A LC 173, que ficou conhecida como “Orçamento de Guerra”, estabelece que a União, os Estados e os municípios afetados pela calamidade pública decorrente da pandemia da covid-19 ficam proibidos, até 31 de dezembro deste ano, de conceder aumento, reajuste ou qualquer vantagem aos membros de Poder ou de órgãos, servidores e empregados públicos e militares. Não poderão também criar emprego, cargo ou função que implique aumento de despesa, realizar concurso, admitir ou contratar pessoal a qualquer título, criar ou majorar auxílios, vantagens, bônus ou abonos. O presidente, os governadores e os prefeitos estão proibidos ainda de criar despesa obrigatória de caráter continuado e de adotar medida que implique reajuste de despesa obrigatória acima da variação da inflação.

A fonte disse que o novo desenho da “cláusula de calamidade pública” que Guedes deseja ainda não foi concluído, mas que ela “terá mais medidas do que a LC 173. Ainda não está claro também qual será a abrangência do conceito a ser proposto para “calamidade pública” e se ele incluirá a situação de insolvência das contas. O difícil é saber o limite para caracterizar a situação de “calamidade” das finanças de um ente da federação. Na PEC Emergencial (PEC 186/2019), a proposta do governo prevê que, toda vez que a despesa obrigatória atinja 95% da receita corrente, as medidas de ajuste serão acionadas. Outra fonte explicou que a preocupação do ministro da Economia é com a duração desta segunda onda da pandemia de covid-19 e com a eventualidade de uma terceira onda. “Neste ano, as medidas de ajuste previstas na cláusula de calamidade já foram adotadas”, explicou. “Mas se a pandemia durar mais um ano, por exemplo, teremos que adotar outras medidas”, ponderou. Assim, a nova cláusula, com todas as suas proibições, poderia ser usada para fechar o Orçamento de 2022.

A nova redação da cláusula de calamidade seria, na concepção de Guedes, a contrapartida à prorrogação do auxílio emergencial, demonstrando a preocupação do governo com a sustentabilidade das contas públicas. Mas, a rigor, as medidas de ajuste deste ano já foram adotadas. Portanto, a nova redação da cláusula não implicaria medidas adicionais. Diante de eventuais resistências à aprovação de uma “cláusula de calamidade pública” mais abrangente, na forma de uma Proposta de Emenda Constitucional (PEC), discute-se no Congresso Nacional, discretamente, uma proposta menos ambiciosa, mas que dê conforto ao governo para a renovação do auxílio emergencial.
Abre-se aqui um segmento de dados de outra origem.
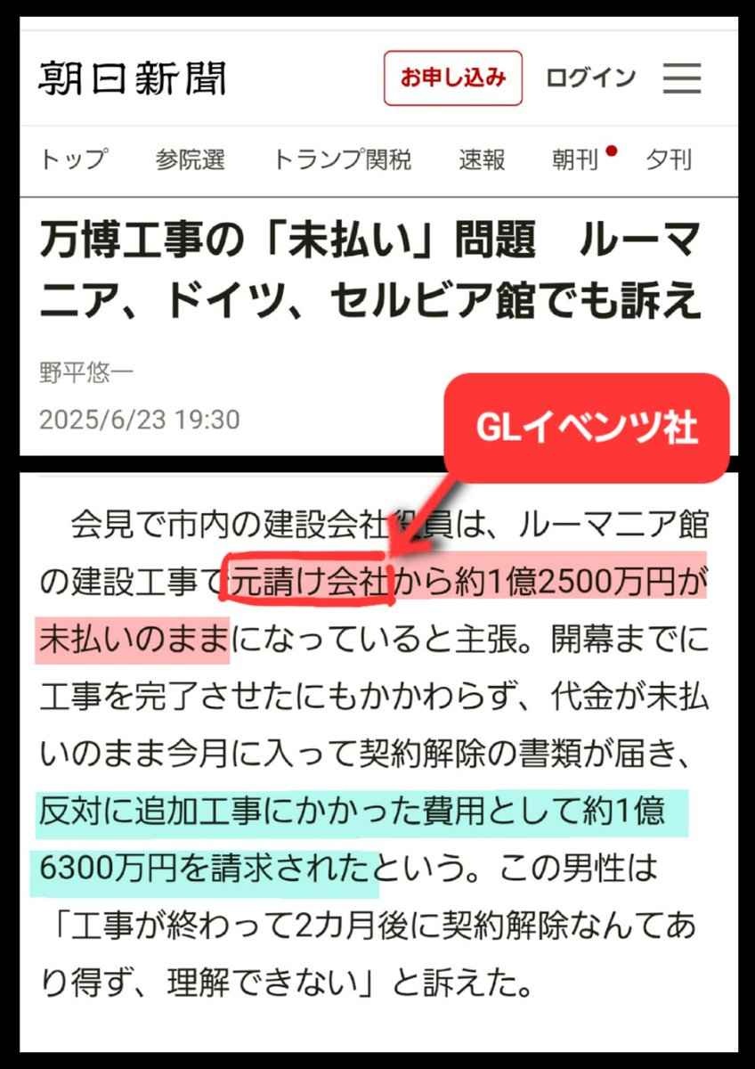 大阪・関西万博のパビリオンで3億円超の工事代金未払いを出したGLイベンツ社とは

A alternativa poderia ser uma expansão do Bolsa Família dentro do Orçamento de 2021, disse uma fonte ao Valor. A “PEC de Guerra”, como Guedes está chamando a proposta, ainda é a hipótese central em estudo. Governo e Congresso discutem um texto que, acoplado à proposta que já está no Senado tratando do Pacto Federativo, formará o que o ministro chama de “protocolo de crise”. Esse protocolo combina duas coisas: autorização para gastar mais em caso de calamidade e medidas de contenção de gastos.

Como o calendário está apertado, parlamentares avaliam que o governo e o Congresso devem bater o martelo sobre o formato e o valor da nova rodada do auxílio emergencial até a próxima semana. Apesar da expectativa de que as parcelas mensais do auxílio serão de R$ 200 ou R$ 250 – inferiores ao que se concedeu no ano passado -, parlamentares pontuam que o valor não está fechado. “Acredito que o plenário vai ter a sensibilidade de reconhecer a importância da reedição do auxílio para conseguir colocar o pão na mesa das famílias mais humildes e impactadas pela pandemia”, disse o líder do DEM na Câmara, Efraim Filho (PB), ao Valor. “Igualmente, o plenário terá a responsabilidade de aprovar o valor e as parcelas de acordo com a capacidade do Orçamento do país que a equipe econômica apontar”, ponderou. Há a expectativa de que o presidente do Senado, Rodrigo Pacheco (DEM-MG), promova debate sobre o financiamento do benefício em reunião de líderes amanhã. Lideranças da Câmara destacam que um encontro com o presidente da casa, Arthur Lira (PP-AL), está marcado para o mesmo dia.